• _WORK TASK_: Print the entries that appear below, exactly as written and without their pictures.

|---|

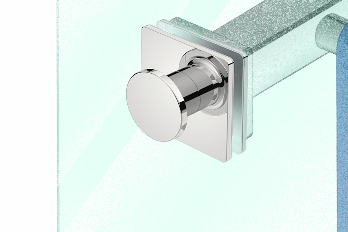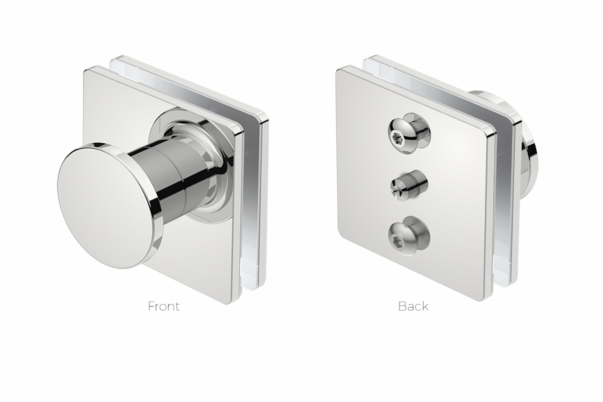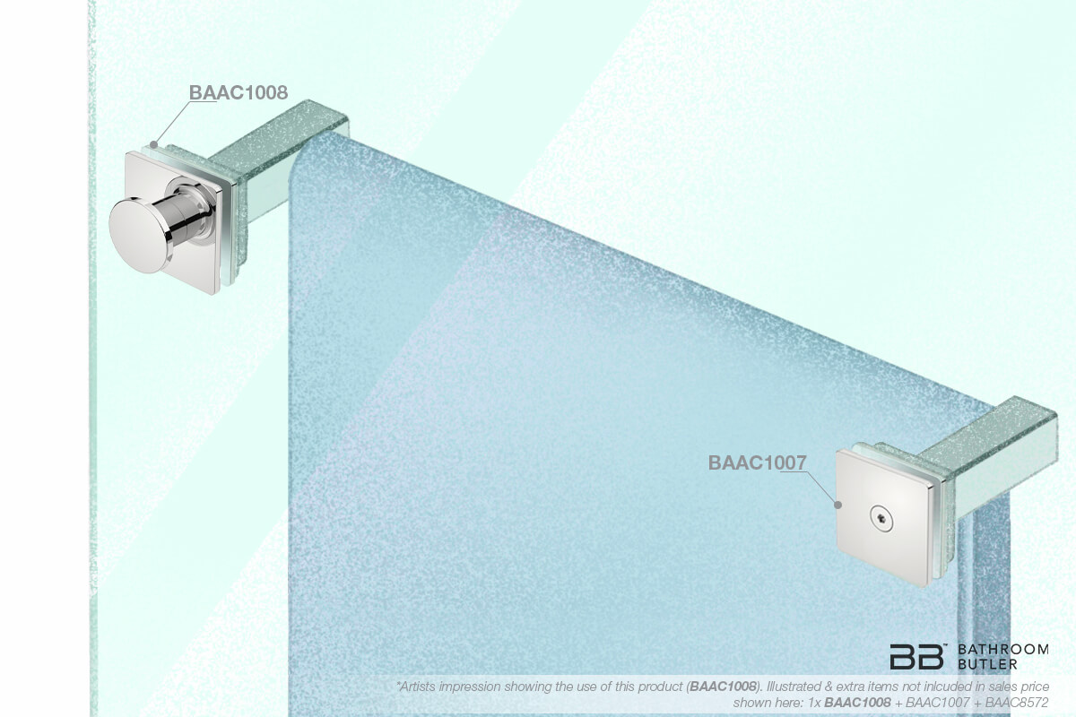 Designed to make the most of glass, offering a secure mounting for Bathroom Butler square bathroom accessories on glass shower doors with a pull knob on the opposite side. Available as optional extras.
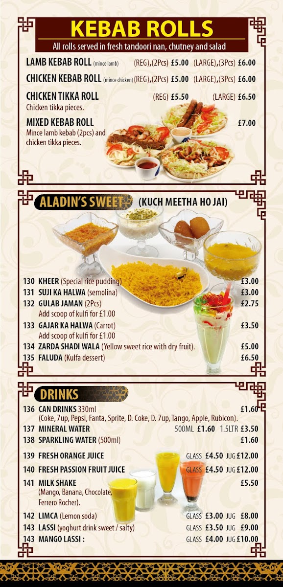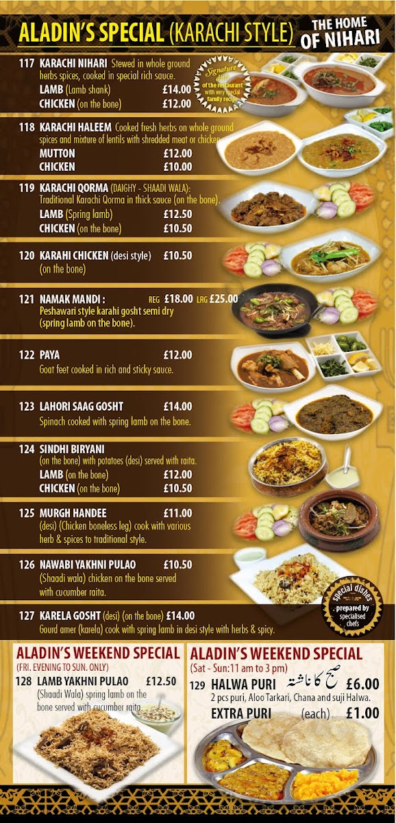 The Aladin Kebabish Menu features a range of delicious options, from traditional lamb and chicken kebabs to innovative vegetarian offerings, all prepared with the finest ingredients. The kebabs are expertly seasoned, with a perfect balance of spices that deliver just the right amount of heat and flavor. For those looking to try something unique, the mixed grill platter is a must-try, showcasing a combination of meats that are grilled to perfection, offering a satisfying variety of textures and tastes.
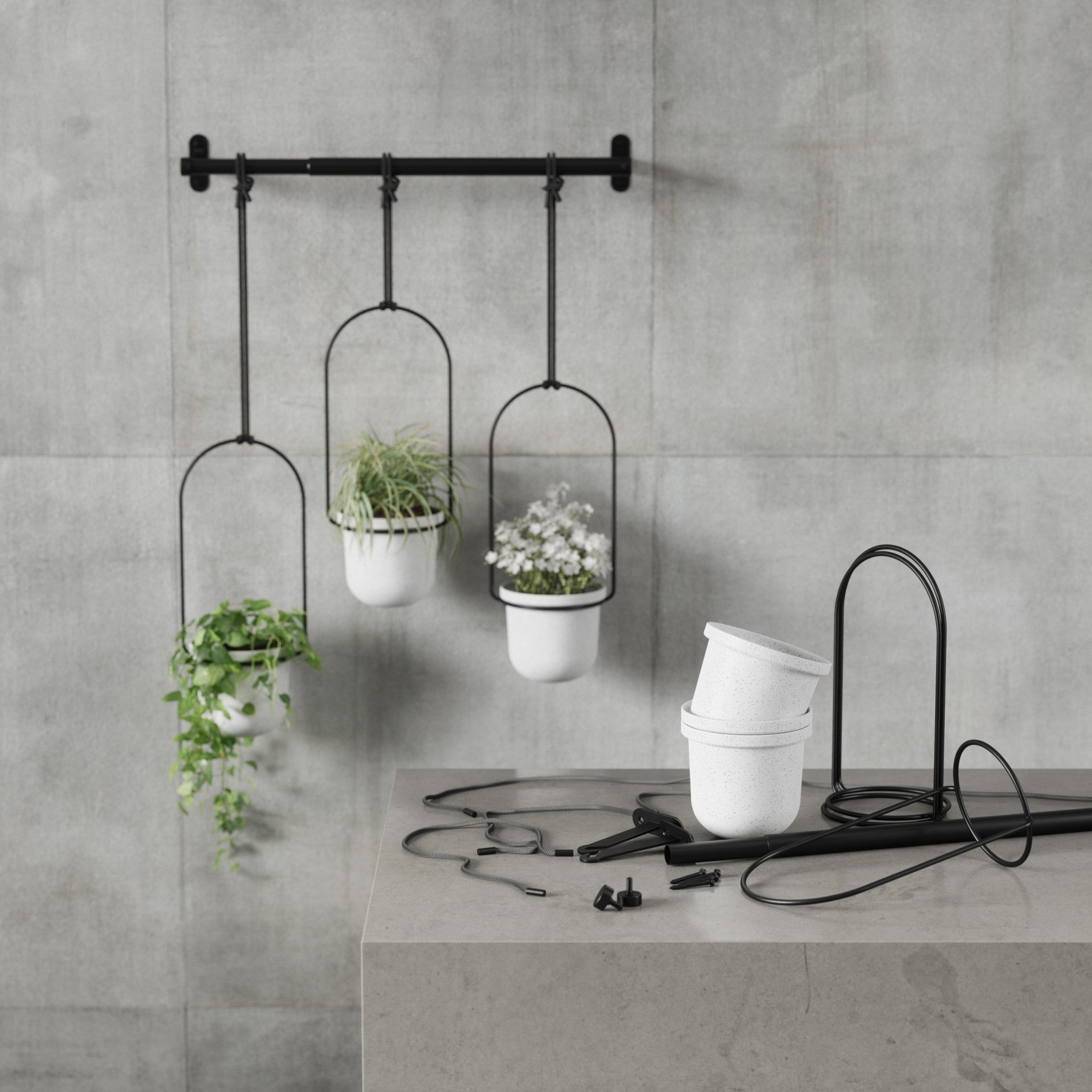 Introducing Triflora, the ultimate indoor hanging planter! It combines the practicality of a drapery rod with the beauty of potted plants. Perfect for herbs, succulents, and vine plants, Triflora hangs on your wall or ceiling and transforms your window into a green oasis. What makes Triflora truly special is its lightweight design. Made from durable recycled molded polypropylene with recycled wood fiber, it stays light even with plants inside, while adding a natural texture to the surface. Don’t let its weight fool you, Triflora can hold up to 15 lbs (6.8 kg) total. You can easily adjust the length of its ropes and slide them anywhere along the metal rod to create your perfect plant arrangement. And there’s no need to repot, Triflora’s pots are designed to fit standard 3-inch (7.6 cm) diameter nursery pots for added convenience. For indoor use, we recommend adding a layer of small pebbles to the bottom of each pot to encourage drainage and help keep your plants healthy. For outdoor use, you can drill a small hole in the base of each pot to allow water to drain freely. Triflora is suitable for both wall and ceiling mounting and fits any standard 24-inch (61 cm) window. Measures 25 x 5.75 x 43.5 inches (64 x 15 x 110 cm). Made with recycled plastics.
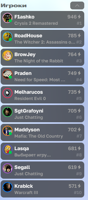 >>25089932 А ты сам думаешь для чего челу с 10 онлайна крутить себе? Чтобы хоть немного быть выше в общем списке русскоязычных стримеров. Чем больше цифра - тем больше шанс что к тебе зайдет случайный живой человек
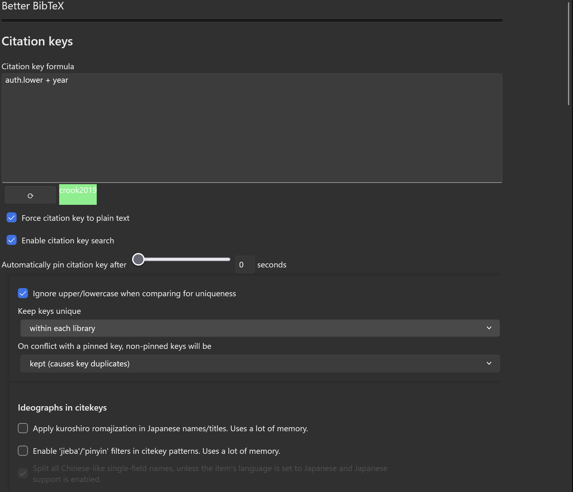 他にもテキストを入力したりまあまあの拡張性があるのでCitation keyの設定方法を見ながら使いやすいようにいじってみてください。
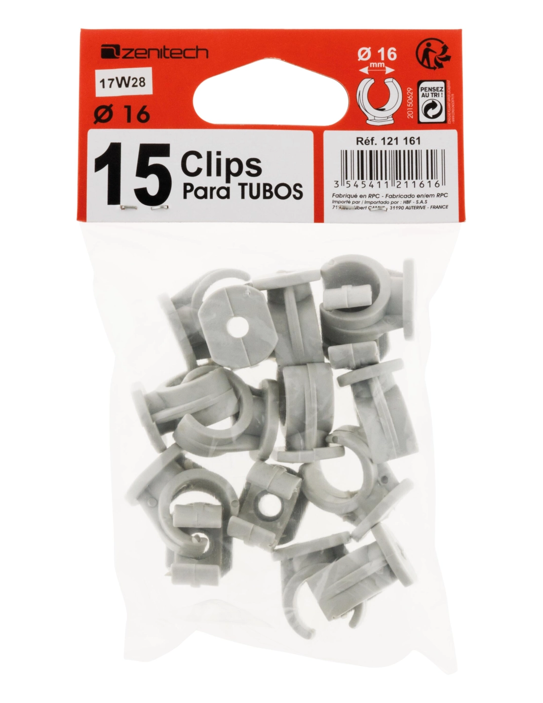 15 clips Ø 16 mm sans chevilles
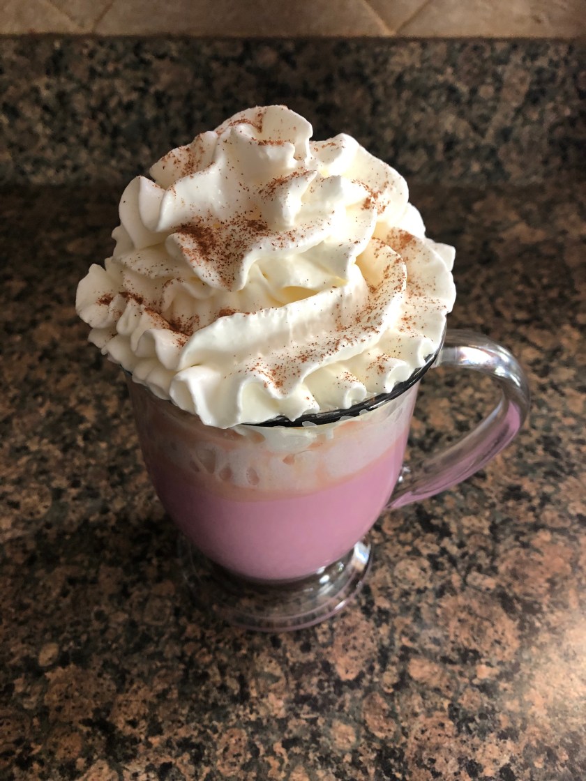 The base of this hot chocolate is white hot chocolate. You start off by bringing milk (I used whole milk) and salt to a simmer over medium heat. Then remove it from the heat and add in grated white chocolate and vanilla extract. Grating the chocolate allows it to melt easier and quicker. Once the chocolate has melted then stir in a few tablespoons of beet juice. But, if you are not inclined to use beet juice, you could substitute it with cherry juice or the juice from maraschino cherries. Just be aware that either of those options could make your hot chocolate a tad bit sweeter. Now, if none of those options work for you, you could tint the hot chocolate with a few drops of either pink or red food coloring. And finally, top the hot chocolate with a healthy topping of whipped cream and then sprinkle with cinnamon. YUM!
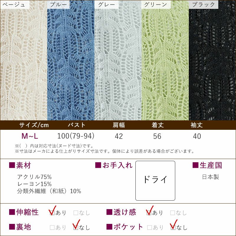 ●大き目ボタンで前開きの留め外しがしやすく、透かし編みで風通しが良く夏の羽織物に最適
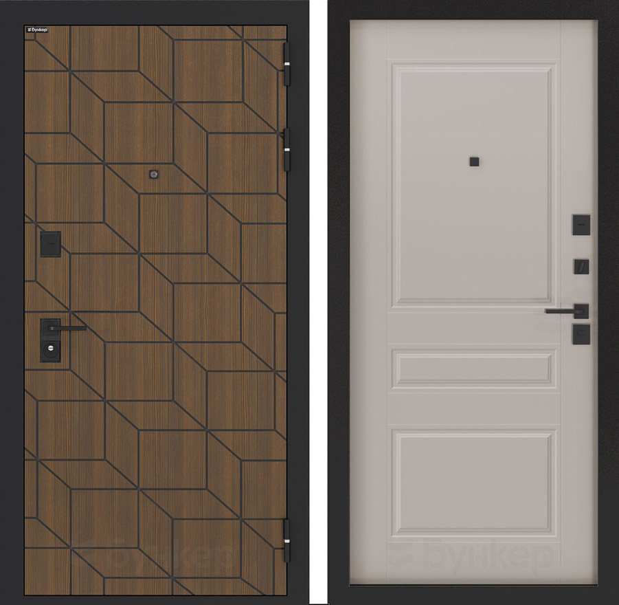 ФурнитураЧерная матовая: Броненакладка, сувальдные накладки со шторкой, ручка, ночник, цилиндр ключ-вертушка (производитель не регламентируется), глазок по центру или сбоку
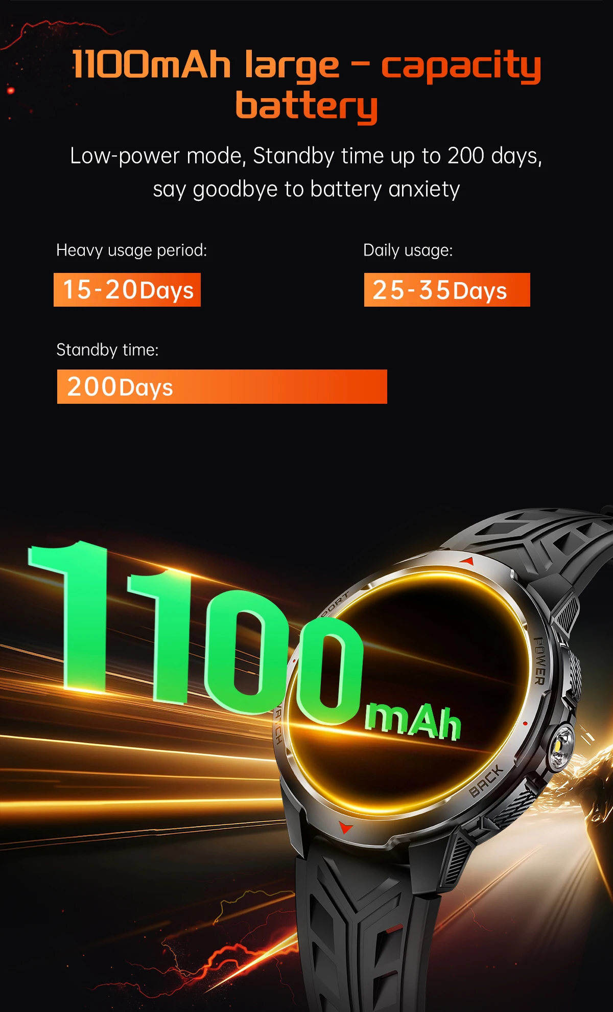 LIGE New 1100mAh Large Capacity Battery Smart Watch Men Sports LED Flashlight Compass 3ATM Waterproof Bluetooth Call Smartwatch
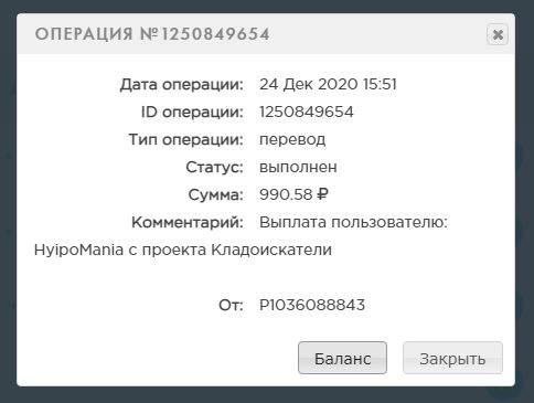 Комментарий: Выплата пользователю: raakot с проекта Кладоискатели
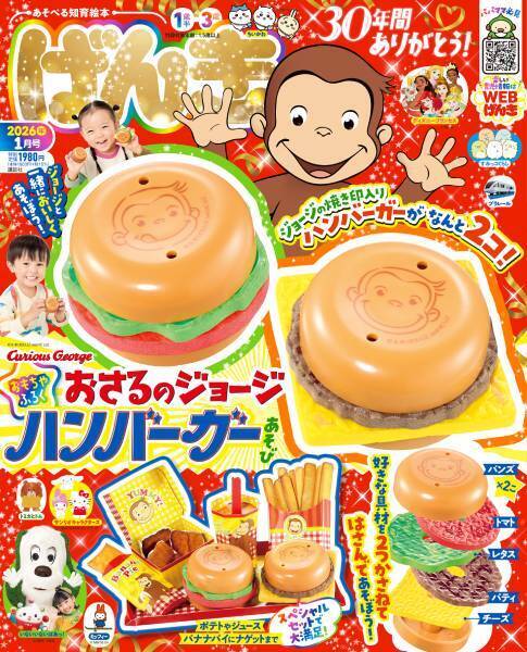 有終の美を飾る最終号(2026年1月号)の表紙には、「30年間ありがとう!」の文字とともに、大きく手を広げたおさるのジョージが登場しています。

|---|

• _RESPONSE BOX_:
 Designed to make the most of glass, offering a secure mounting for Bathroom Butler square bathroom accessories on glass shower doors with a pull knob on the opposite side. Available as optional extras.
 The Aladin Kebabish Menu features a range of delicious options, from traditional lamb and chicken kebabs to innovative vegetarian offerings, all prepared with the finest ingredients. The kebabs are expertly seasoned, with a perfect balance of spices that deliver just the right amount of heat and flavor. For those looking to try something unique, the mixed grill platter is a must-try, showcasing a combination of meats that are grilled to perfection, offering a satisfying variety of textures and tastes.
 Introducing Triflora, the ultimate indoor hanging planter! It combines the practicality of a drapery rod with the beauty of potted plants. Perfect for herbs, succulents, and vine plants, Triflora hangs on your wall or ceiling and transforms your window into a green oasis. What makes Triflora truly special is its lightweight design. Made from durable recycled molded polypropylene with recycled wood fiber, it stays light even with plants inside, while adding a natural texture to the surface. Don’t let its weight fool you, Triflora can hold up to 15 lbs (6.8 kg) total. You can easily adjust the length of its ropes and slide them anywhere along the metal rod to create your perfect plant arrangement. And there’s no need to repot, Triflora’s pots are designed to fit standard 3-inch (7.6 cm) diameter nursery pots for added convenience. For indoor use, we recommend adding a layer of small pebbles to the bottom of each pot to encourage drainage and help keep your plants healthy. For outdoor use, you can drill a small hole in the base of each pot to allow water to drain freely. Triflora is suitable for both wall and ceiling mounting and fits any standard 24-inch (61 cm) window. Measures 25 x 5.75 x 43.5 inches (64 x 15 x 110 cm). Made with recycled plastics.
 >>25089932 А ты сам думаешь для чего челу с 10 онлайна крутить себе? Чтобы хоть немного быть выше в общем списке русскоязычных стримеров. Чем больше цифра - тем больше шанс что к тебе зайдет случайный живой человек
 他にもテキストを入力したりまあまあの拡張性があるのでCitation keyの設定方法を見ながら使いやすいようにいじってみてください。
 15 clips Ø 16 mm sans chevilles
 The base of this hot chocolate is white hot chocolate. You start off by bringing milk (I used whole milk) and salt to a simmer over medium heat. Then remove it from the heat and add in grated white chocolate and vanilla extract. Grating the chocolate allows it to melt easier and quicker. Once the chocolate has melted then stir in a few tablespoons of beet juice. But, if you are not inclined to use beet juice, you could substitute it with cherry juice or the juice from maraschino cherries. Just be aware that either of those options could make your hot chocolate a tad bit sweeter. Now, if none of those options work for you, you could tint the hot chocolate with a few drops of either pink or red food coloring. And finally, top the hot chocolate with a healthy topping of whipped cream and then sprinkle with cinnamon. YUM!
 ●大き目ボタンで前開きの留め外しがしやすく、透かし編みで風通しが良く夏の羽織物に最適
 ФурнитураЧерная матовая: Броненакладка, сувальдные накладки со шторкой, ручка, ночник, цилиндр ключ-вертушка (производитель не регламентируется), глазок по центру или сбоку
 LIGE New 1100mAh Large Capacity Battery Smart Watch Men Sports LED Flashlight Compass 3ATM Waterproof Bluetooth Call Smartwatch
 Комментарий: Выплата пользователю: raakot с проекта Кладоискатели
 有終の美を飾る最終号(2026年1月号)の表紙には、「30年間ありがとう!」の文字とともに、大きく手を広げたおさるのジョージが登場しています。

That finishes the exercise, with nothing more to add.